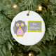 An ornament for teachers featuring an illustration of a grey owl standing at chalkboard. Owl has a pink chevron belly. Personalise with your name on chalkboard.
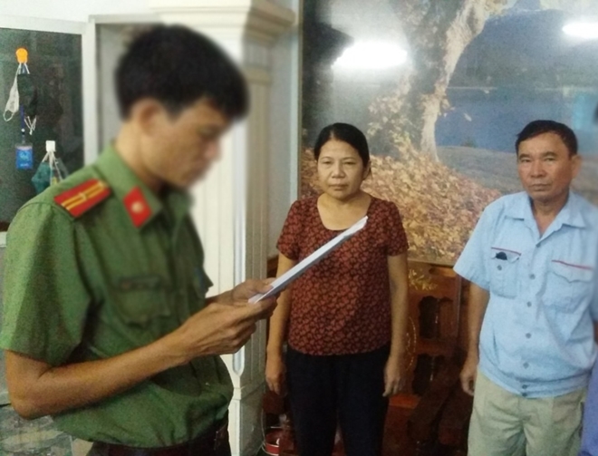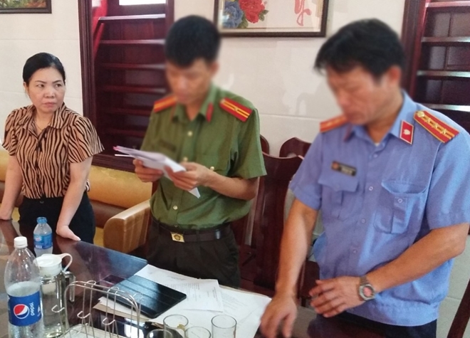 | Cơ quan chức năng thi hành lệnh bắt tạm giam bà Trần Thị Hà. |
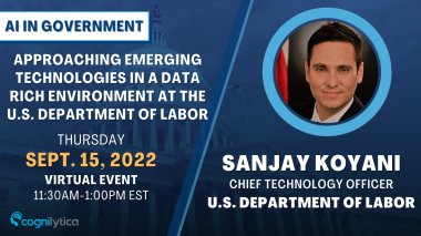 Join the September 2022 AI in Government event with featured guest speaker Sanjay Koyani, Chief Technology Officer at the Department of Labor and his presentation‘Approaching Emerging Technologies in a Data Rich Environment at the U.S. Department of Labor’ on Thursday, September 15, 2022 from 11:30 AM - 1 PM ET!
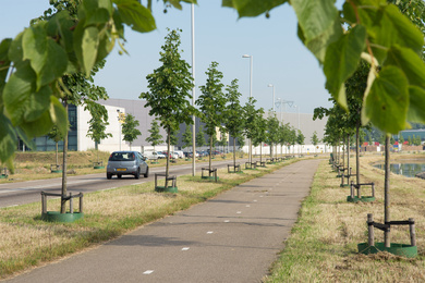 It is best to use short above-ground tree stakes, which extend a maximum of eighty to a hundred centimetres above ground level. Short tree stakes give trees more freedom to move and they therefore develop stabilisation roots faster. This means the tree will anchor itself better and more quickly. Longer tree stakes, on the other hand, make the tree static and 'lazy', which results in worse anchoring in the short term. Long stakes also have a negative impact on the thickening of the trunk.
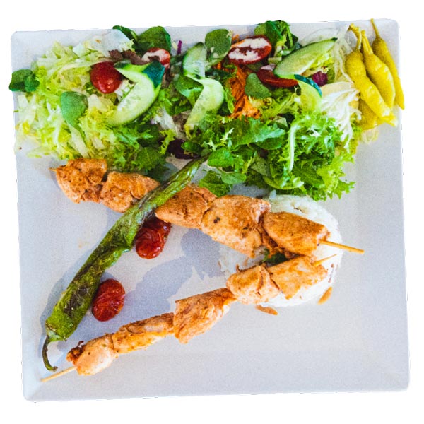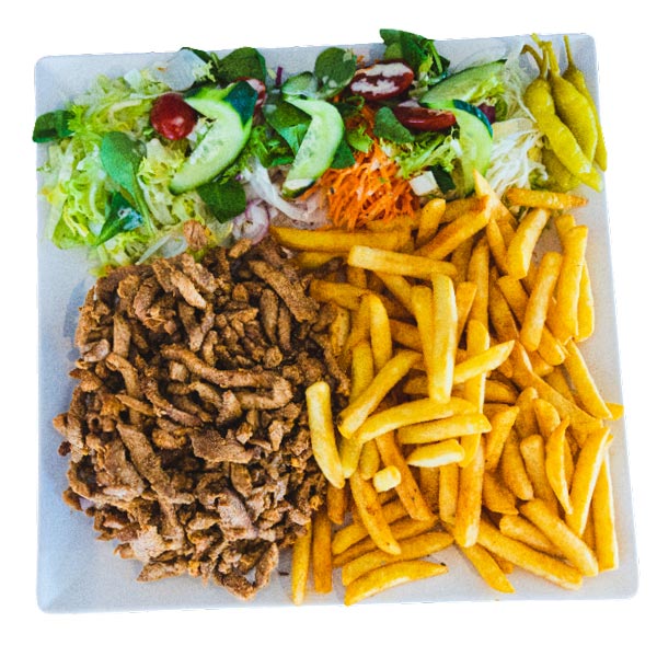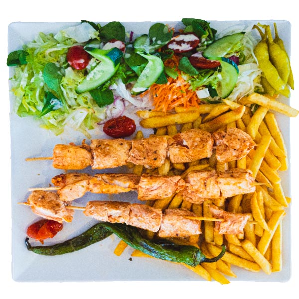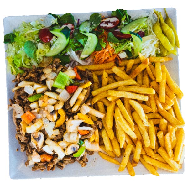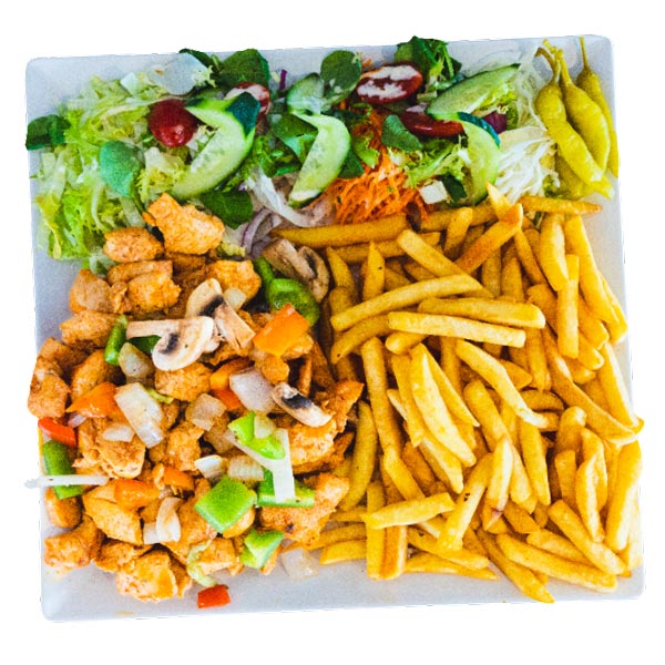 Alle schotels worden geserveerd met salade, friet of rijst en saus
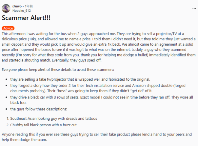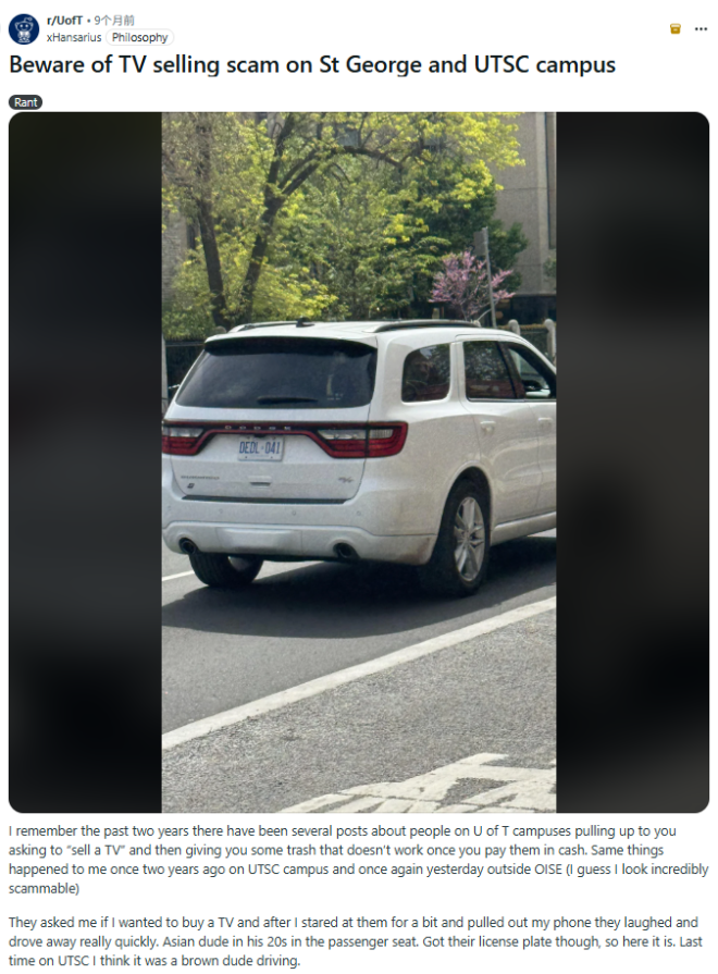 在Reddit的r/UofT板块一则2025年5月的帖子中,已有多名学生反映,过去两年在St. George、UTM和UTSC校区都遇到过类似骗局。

- [WORK REQUIRED]:
Produce an exact copy of each line of data, skipping embedded images.

- [SOLUTION]:
 An ornament for teachers featuring an illustration of a grey owl standing at chalkboard. Owl has a pink chevron belly. Personalise with your name on chalkboard.
 | Cơ quan chức năng thi hành lệnh bắt tạm giam bà Trần Thị Hà. |
 Join the September 2022 AI in Government event with featured guest speaker Sanjay Koyani, Chief Technology Officer at the Department of Labor and his presentation‘Approaching Emerging Technologies in a Data Rich Environment at the U.S. Department of Labor’ on Thursday, September 15, 2022 from 11:30 AM - 1 PM ET!
 It is best to use short above-ground tree stakes, which extend a maximum of eighty to a hundred centimetres above ground level. Short tree stakes give trees more freedom to move and they therefore develop stabilisation roots faster. This means the tree will anchor itself better and more quickly. Longer tree stakes, on the other hand, make the tree static and 'lazy', which results in worse anchoring in the short term. Long stakes also have a negative impact on the thickening of the trunk.
 Alle schotels worden geserveerd met salade, friet of rijst en saus
 在Reddit的r/UofT板块一则2025年5月的帖子中,已有多名学生反映,过去两年在St. George、UTM和UTSC校区都遇到过类似骗局。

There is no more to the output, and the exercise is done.